= Frank Eastaughffe =

Australian politician (1903–1976)

Francis Eric Eastaughffe (pronounced EAST-off) (18 August 1903 – 18 October 1976) was a long-serving politician in Childers, Queensland, Australia.

== Early life ==
He was born on the outskirts of the town as the youngest of 17 children (two of whom died at birth). After his marriage to Mary (Molly) Carrigg in 1928, they settled on his father's 3500 acre property called Retreat, (later renamed Gigoom when it became a rural post office), about 10 mi from Childers. Frank, by then a butcher, ran the farm with beef and dairy cattle. He later worked at the local sugar mill as an engineer and was the Australian Workers' Union representative.

== Politics ==
He had a long-term interest in politics and served for 35 years on the Isis Shire council for eleven terms from 1936 until 1970. He was shire chairman (a position comparable to mayor) for seven terms, from 1949 till 1970, making him the longest serving chairman of the Isis Shire. He lost the 1970 election to Alf Plath, and retired from politics.

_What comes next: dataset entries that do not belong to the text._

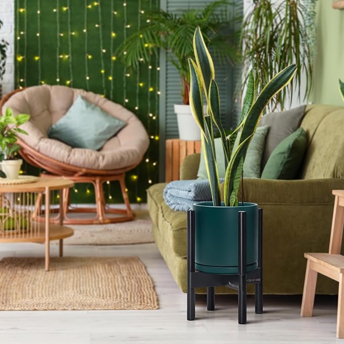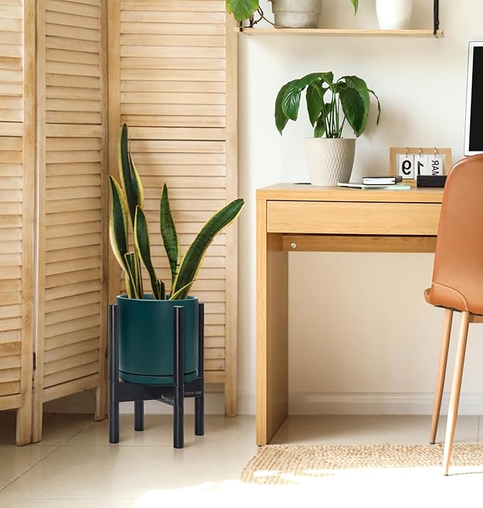 - A Complete Set: Mid-century ceramic planter, combined with a ebony wood stand that match perfectly together and looks great in anywhere.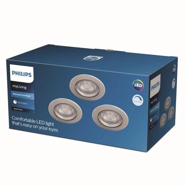 3x LED SPARKLE 5W 2700K Stmívatelné kulaté saténové svítidlo pro zápustnou montáž PHILIPS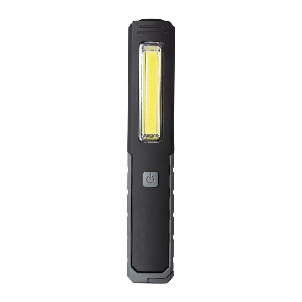 Ein handlicher Allrounder in Sachen Licht ist diese praktische Taschenlampe mit einem Magnet, einer Hängeschlaufe am klappbaren Henkel und einem Befestigungsclip für die Hemdtasche. Sie verfügt über ein seitlich angeordnetes COB-Licht (3 Watt, 160 Lumen) und eine LED-Leuchte (1 Watt, 60 Lumen).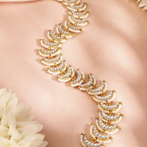 Head Jewellery : This 18K gold-plated matha patti features intricate Kundan detailing and pearl bead accents, adding a regal and traditional touch to bridal or festive looks. Occasion : Bring your style to a whole new level with this handcrafted piece of jewellery. When you’re celebrating a special Occasion : – a birthday, wedding, or personal milestone – this piece adds that extra something that makes us feel special and looking our best. Material : & Care Dimension : Length : 27 cm, Width: 2 cm Net Weight: 30.93 g Net Quantity : 1 Head Jewellery Material :Brass Care Label : It is advisable to avoid contact with water and organic chemicals i.e. perfume sprays. Store jewellery in airtight box. After use, wipe the jewellery with soft cotton cloth.

In 1953, he was awarded the Coronation Medal for services to local authority, and in 1959 he hosted a civic reception for Princess Alexandra of Kent on her royal tour of Australia.

He attempted to enter the Legislative Assembly of Queensland at various elections on behalf of the Labor Party but was unsuccessful, and he remained in local politics until 1970.

== Later life ==
He died of leukaemia in Childers Hospital on 18 October 1976.

Frank Eastaughffe was a grandson of Charles Douglas Eastaughffe, former chief constable of Dalby, and a son of Alexander Eastaughffe, a previous Isis Shire chairman.